TencentCloud OCR
Security checks across static analysis, malware telemetry, and agentic risk
Overview
This skill appears to be a coherent Tencent Cloud OCR integration, but it will use Tencent credentials and send image/PDF contents to Tencent Cloud for recognition.
Install this skill only if you are comfortable using Tencent Cloud OCR for your images and PDFs. Use a dedicated Tencent Cloud API key, monitor quota and billing, install the SDK from a trusted source, and avoid processing highly sensitive documents unless you have consent and understand Tencent Cloud's data handling terms.
Static analysis
No static analysis findings were reported for this release.
VirusTotal
VirusTotal findings are pending for this skill version.
Risk analysis
Artifact-based informational review of SKILL.md, metadata, install specs, static scan signals, and capability signals. ClawScan does not execute the skill or run runtime probes.
An uploaded image, pasted image, or image URL may automatically be sent through the OCR workflow.
The skill deliberately allows autonomous invocation based on image-like inputs. That is coherent for OCR, but users should notice that OCR may run even if they did not explicitly say 'OCR'.
当检测到以下信号时,应**自动调用**此技能,无需用户显式要求"OCR"
Use explicit confirmation before processing sensitive images or documents, especially screenshots, IDs, legal documents, or resumes.
OCR calls may consume quota or incur charges on the configured Tencent Cloud account.
The script requires Tencent Cloud API credentials from environment variables. This is expected for Tencent OCR, but those credentials authorize use of the user's Tencent Cloud account.
secret_id = os.environ.get("TENCENTCLOUD_SECRET_ID")

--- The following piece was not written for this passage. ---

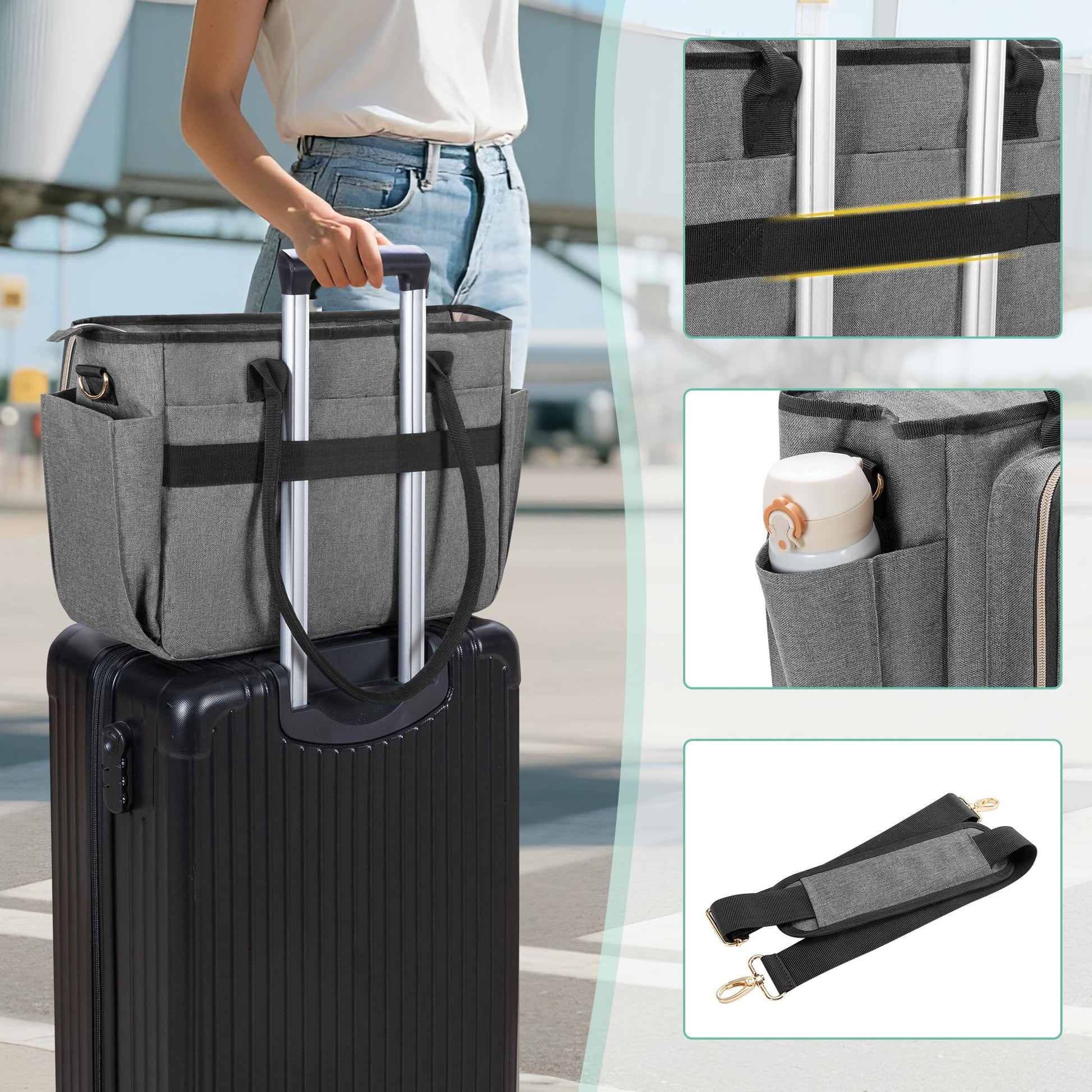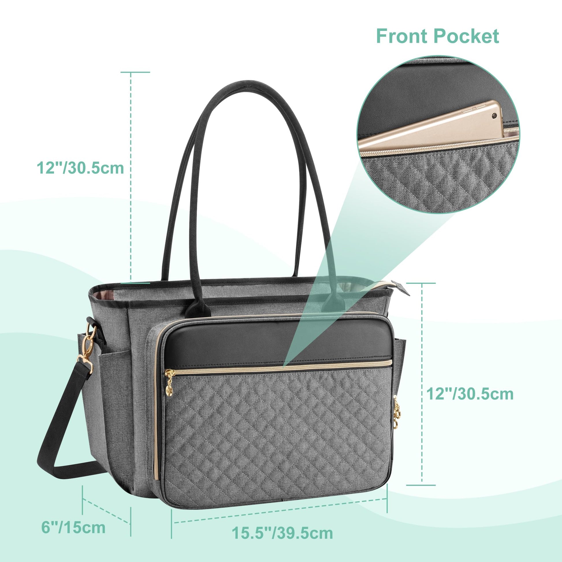 LUXJA Teacher Tote Bag with Accordion File Pocket, Teacher Bag for Women with 15.6 Inch Laptop Compartment, Gray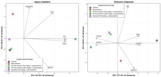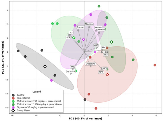 The Principal Component Analysis (PCA) of the experimental groups, based on biochemical and hematological parameters, illustrates the relationships among them (Figure 7). A clear separation is evident on the biplot between the control group (left side) and the paracetamol-only group (right side), along the PC1 axis. This axis accounts for the largest proportion of the data variance (40.3%) and can be interpreted as the axis of paracetamol-induced injury. The second principal component (PC2) explains 21.8% of the data variance. The position of the paracetamol group is associated with the vectors for variables such as creatinine and AST, as well as platelet parameters indicative of an inflammatory state (MPV, PDW), which graphically confirms the multi-organ toxicity of paracetamol. The group treated with the E. senticosus extract at a dose of 750 mg/kg (+paracetamol) is shifted towards the control group, and its group mean is located in close proximity to the mean of the reference silymarin group. The position of the ES fruit extract 750 mg/kg + paracetamol group between the Control and Paracetamol groups along the PC1 axis suggests that the lower extract dose partially mitigates the negative effects of paracetamol. Furthermore, this group’s confidence ellipse overlaps with that of the Silymarin 50 mg/kg + paracetamol group, suggesting that the overall effect of the 750 mg/kg ES fruit extract is similar to that of silymarin. The position of the ES fruit extract 1500 mg/kg + paracetamol group confirms that the higher dose of the extract did not exhibit a protective effect and, in fact, may have intensified the negative effects.

secret_key = os.environ.get("TENCENTCLOUD_SECRET_KEY")Use a dedicated, least-privilege Tencent Cloud key for OCR and monitor usage/billing.
Dependency behavior depends on the package version installed from PyPI.
The setup relies on a manually installed, unpinned PyPI package rather than a pinned install specification. This is common for SDK integrations, but users should verify the dependency source.
依赖:`tencentcloud-sdk-python`(通过 `pip install tencentcloud-sdk-python` 安装)
Install the Tencent Cloud SDK from the official package source and consider pinning a known-good version.
Private document contents, resume details, screenshots, or image URLs may leave the local environment and be processed by Tencent Cloud.
The script sends OCR requests to Tencent Cloud's OCR endpoint. This is the expected provider flow, but image/PDF contents or URLs are shared with an external cloud service.
http_profile.endpoint = "ocr.tencentcloudapi.com" resp = client.GeneralAccurateOCR(req)
Only use the skill for documents you are comfortable sending to Tencent Cloud, and obtain consent before processing other people's personal documents.